### MATERIAL PROVIDED
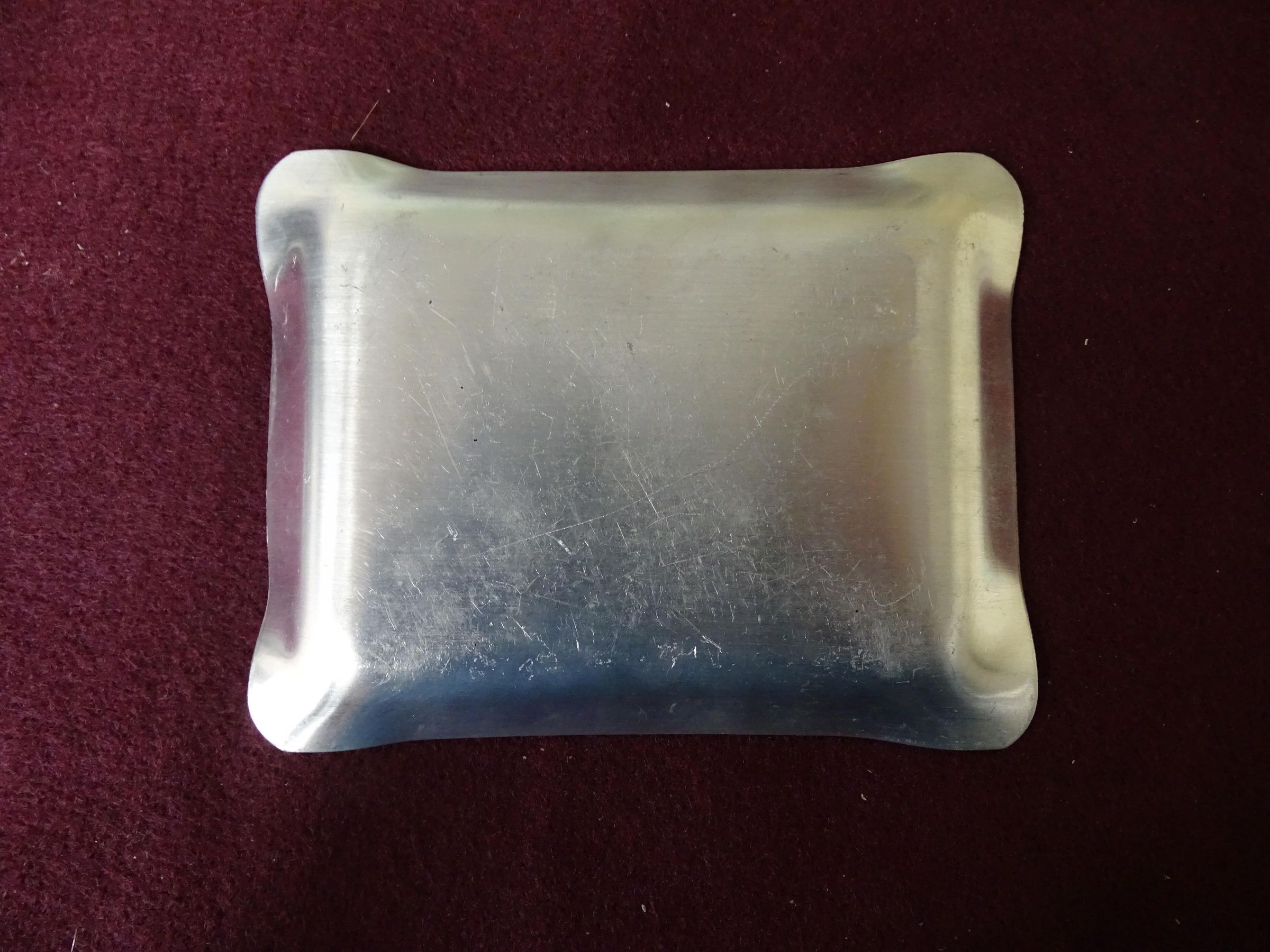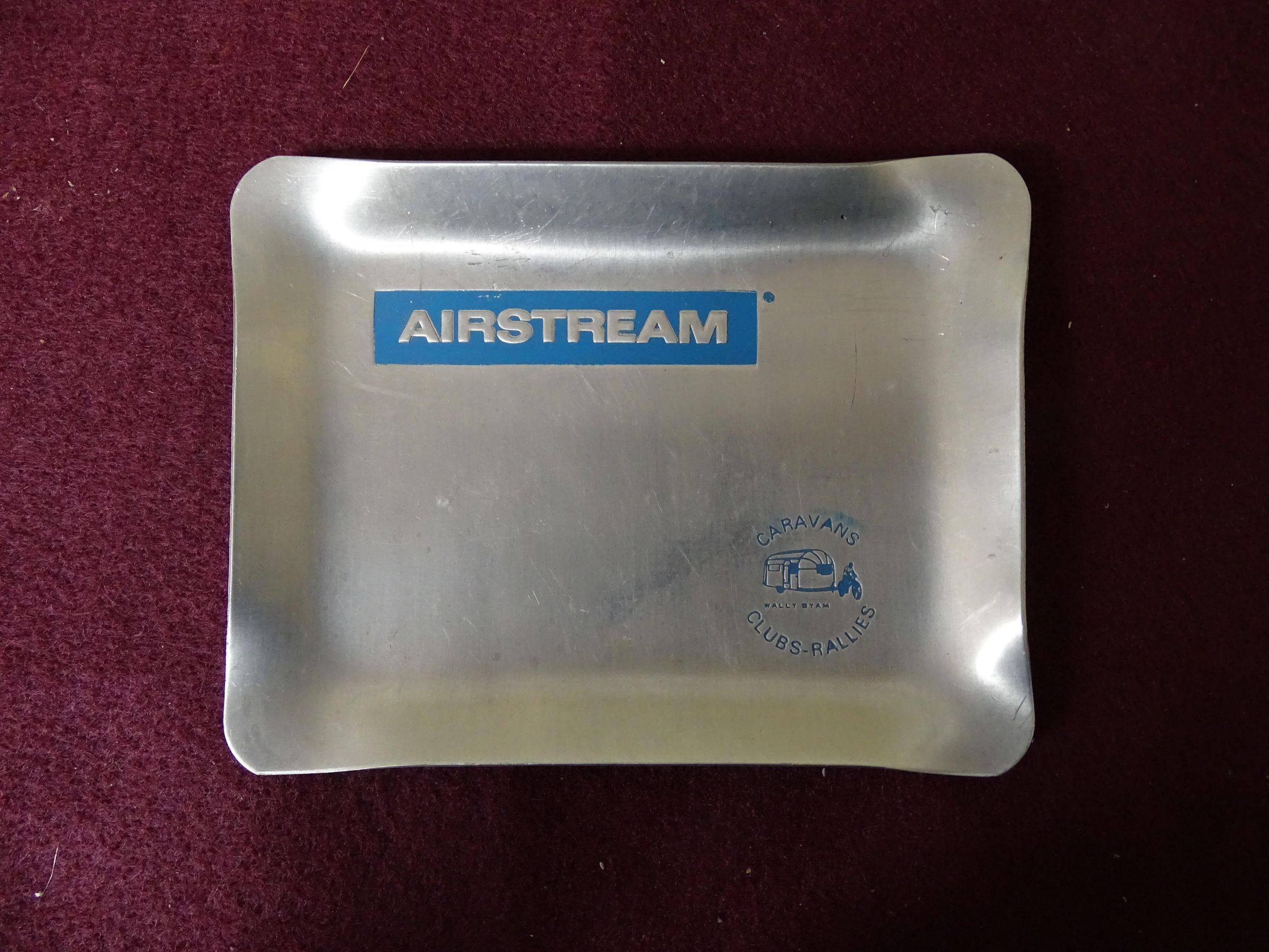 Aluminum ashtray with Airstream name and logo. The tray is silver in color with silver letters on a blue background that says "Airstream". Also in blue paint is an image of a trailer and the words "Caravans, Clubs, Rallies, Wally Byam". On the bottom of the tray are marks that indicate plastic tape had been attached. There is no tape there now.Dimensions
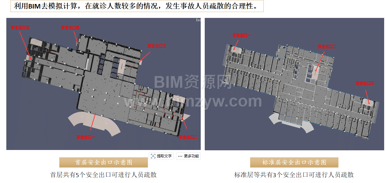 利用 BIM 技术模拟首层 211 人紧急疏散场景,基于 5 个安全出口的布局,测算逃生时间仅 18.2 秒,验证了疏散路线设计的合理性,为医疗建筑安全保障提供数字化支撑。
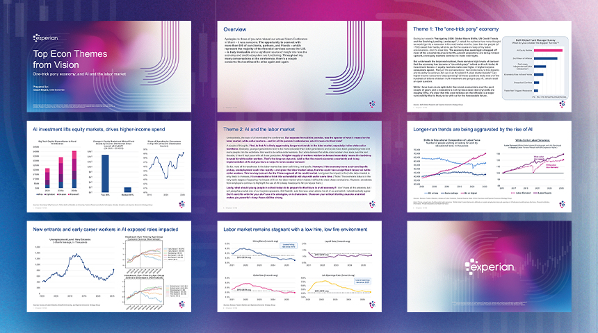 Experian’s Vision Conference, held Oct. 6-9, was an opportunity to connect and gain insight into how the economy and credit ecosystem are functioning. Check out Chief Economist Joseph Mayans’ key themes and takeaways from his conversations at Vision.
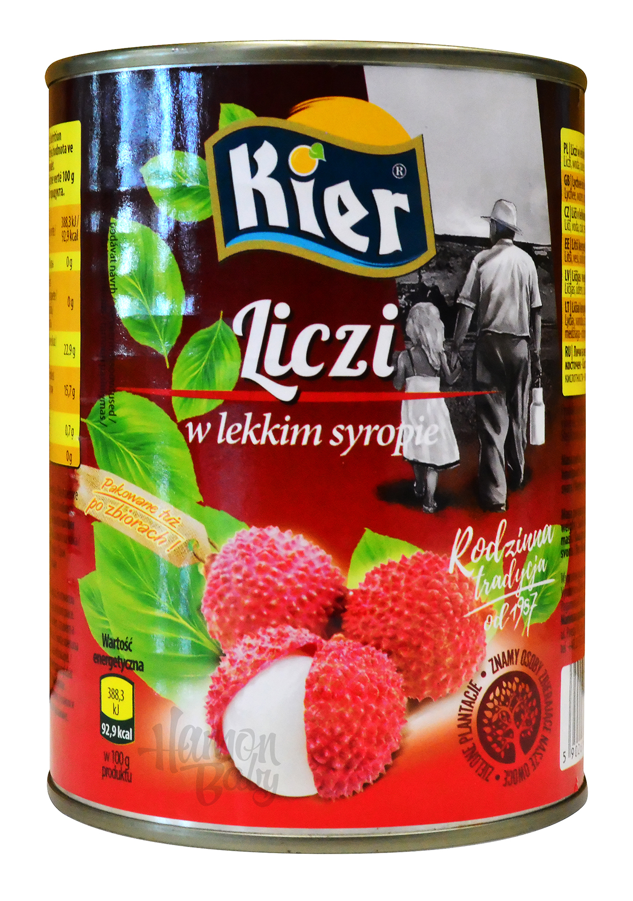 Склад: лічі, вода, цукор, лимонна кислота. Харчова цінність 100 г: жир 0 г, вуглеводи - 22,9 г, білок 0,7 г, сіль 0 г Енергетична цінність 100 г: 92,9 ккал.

### WORK INSTRUCTION
Could you print the data exactly as it appears and keep the pictures out?

### FINISHED TASK
 Aluminum ashtray with Airstream name and logo. The tray is silver in color with silver letters on a blue background that says "Airstream". Also in blue paint is an image of a trailer and the words "Caravans, Clubs, Rallies, Wally Byam". On the bottom of the tray are marks that indicate plastic tape had been attached. There is no tape there now.Dimensions
 利用 BIM 技术模拟首层 211 人紧急疏散场景,基于 5 个安全出口的布局,测算逃生时间仅 18.2 秒,验证了疏散路线设计的合理性,为医疗建筑安全保障提供数字化支撑。
 Experian’s Vision Conference, held Oct. 6-9, was an opportunity to connect and gain insight into how the economy and credit ecosystem are functioning. Check out Chief Economist Joseph Mayans’ key themes and takeaways from his conversations at Vision.
 Склад: лічі, вода, цукор, лимонна кислота. Харчова цінність 100 г: жир 0 г, вуглеводи - 22,9 г, білок 0,7 г, сіль 0 г Енергетична цінність 100 г: 92,9 ккал.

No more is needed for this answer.